I approached Gage in the press box after Mickey was gone and he advised me that the name of the book is Joy In Tigertown, The 1968 World Series, Mickey Lolich with Tom Gage. It’s available on June 1, and can be pre-ordered now through Amazon and Barnes and Noble.
Detriot baseball fans will get an opportunity to soak up more nostalgia when the Cardinals and Tigers play three interlocking games in Comerica Park on September 7, 8 and 9.
I am happy to report that Mickey Lolich should be getting around a lot better by then. Gage told me that his co-author is currently disabled because of close-together surgeries on his back and knee, which have stalled his rehab schedule.
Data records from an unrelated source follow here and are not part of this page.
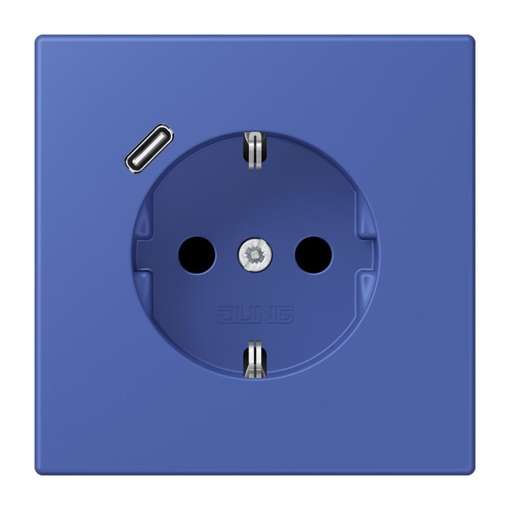 Jung SCHUKO Steckdose LC1520-18C206 SCHUKO Steckdose 16 A 250 V, mit USB-Ladegerät 1xTyp C, SAFETY+, Serie LS, bleu outremer 31 (32020) mit integriertem erhöhten Berührungsschutz (Safety Plus) mit 1 USB-Buchse Typ C mit Schnellladefunktion mit Federklemmen für starre und unbehandelte flexible Leiter bis 2,5 mm2 Verbindungsklemmen nach DIN VDE 0620 Montage in Gerätedose mit Abmessungen nach DIN 49073 Tiefe der Gerätedose (Innenmaß): min. 57 mm Material: Thermoplast lackiert Hersteller Jung EAN Nr. 4011377272514 Warengruppe Jung Les Couleurs Le Corbusier
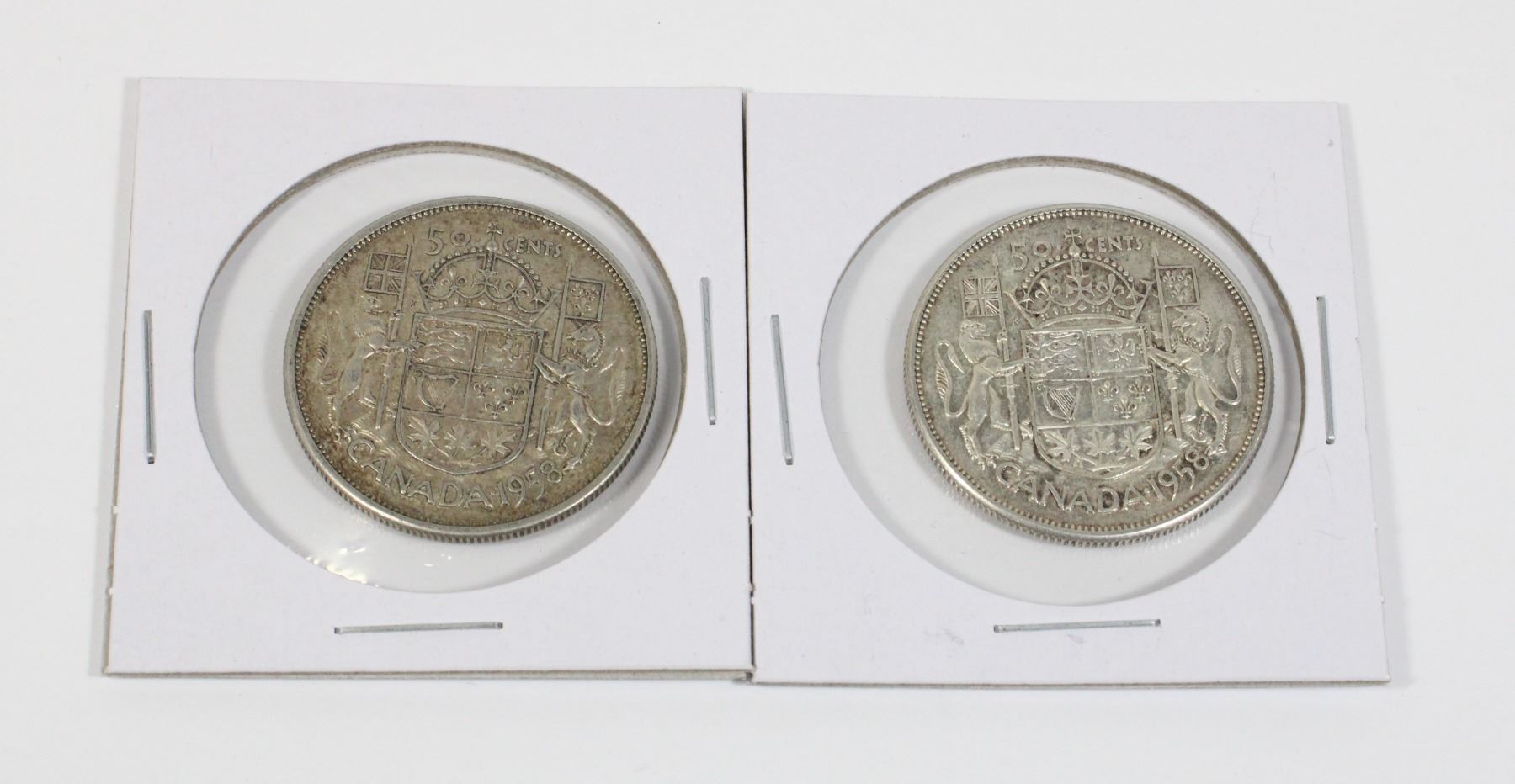 #56 1958 CANADA 1952 SILVER 50 CENT COIN LOT OF 2
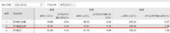 北向资金方面,Wind数据显示,截至6月2日收盘,医药生物行业(申万)近一周、近一月、近一季净流入额分别为19.5亿元、27.61亿元和128.38亿元,在31个申万一级行业中分别排名第4、第5及第2位。其中季频维度,医药生物为全市场申万行业中唯三净流入额超百亿元的行业之一。

Maybe by then someone might have mounted a campaign to get Lolich in the Hall of Fame, similar to what happened to former Tigers Alan Trammell and Jack Morris this year in a new sub-category format. There is a case to be made for Lolich based on his career statistics.
In addition to his post-season heroics, and 195 complete games, compared to 175 for Morris, he made the all-star team three times, was named King Tiger in 1974 and is the team leader in all-time games started (459), all-time shutouts (39) and all-time strikeouts (2,679). He was the Tigers opening day pitcher seven times.
And here’s a topper that provides optimism for the success of his current rehabilitation. Mickey is actually right handed. Note his homer off Briles was from the right side of the plate. He learned to throw left-handed after suffering a broken collarbone and damage to his right arm as a child.